Acconci began his career as a poet, editing and self-publishing the poetry magazine 0 TO 9 with Bernadette Mayer in the late 1960s. Produced in quantities of 100 to 350 copies per issue on a mimeograph machine, the magazine mixed contributions by both poets and artists.

In the late 1960s, Acconci transformed himself into a performance and video artist using his own body as a subject for photography, film, video, and performance. Most of his early work incorporated subversive social comment. His performance and video work was marked heavily by confrontation and Situationism. In the mid-1970s, Acconci expanded his métier into the world of audio/visual installations. The Museum of Modern Art describes Following Piece as a work in which Acconci randomly selected individual passersby in New York City and followed them until they entered a building.
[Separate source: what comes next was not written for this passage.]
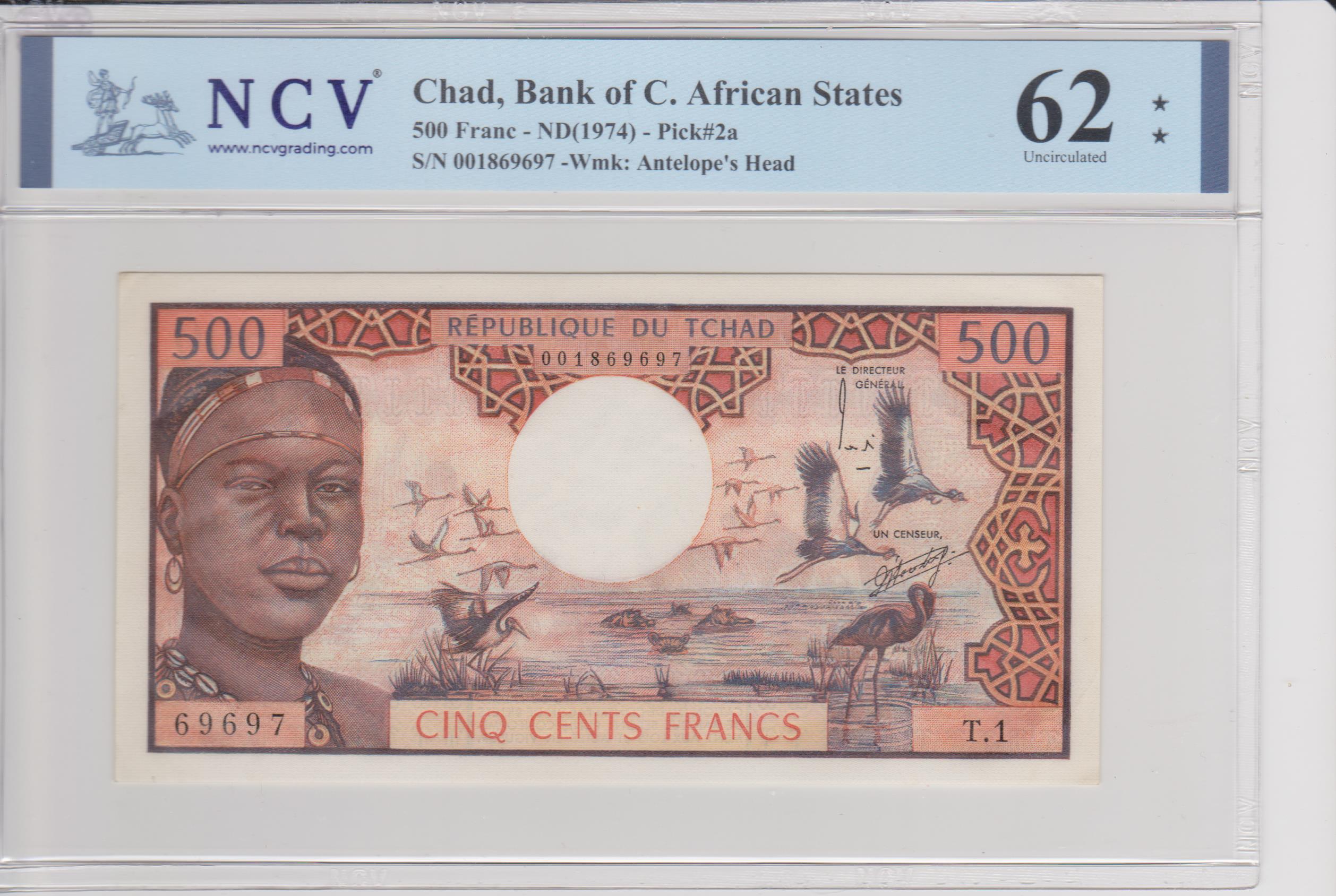 Estados Africanos, banco de Chad, 500 francos 1974, Pick 2a.

One installation/performance work from this period, perhaps his best known work, is Seedbed (January 15–29, 1972). In Seedbed Acconci lay hidden underneath a gallery-wide ramp installed at the Sonnabend Gallery, masturbating while vocalizing into a loudspeaker his fantasies about the visitors walking above him on the ramp. One motivation behind Seedbed was to involve the public in the work's production by creating a situation of reciprocal interchange between artist and viewer.

His 1969 work Following Piece involved him following random pedestrians in New York City until they entered a building.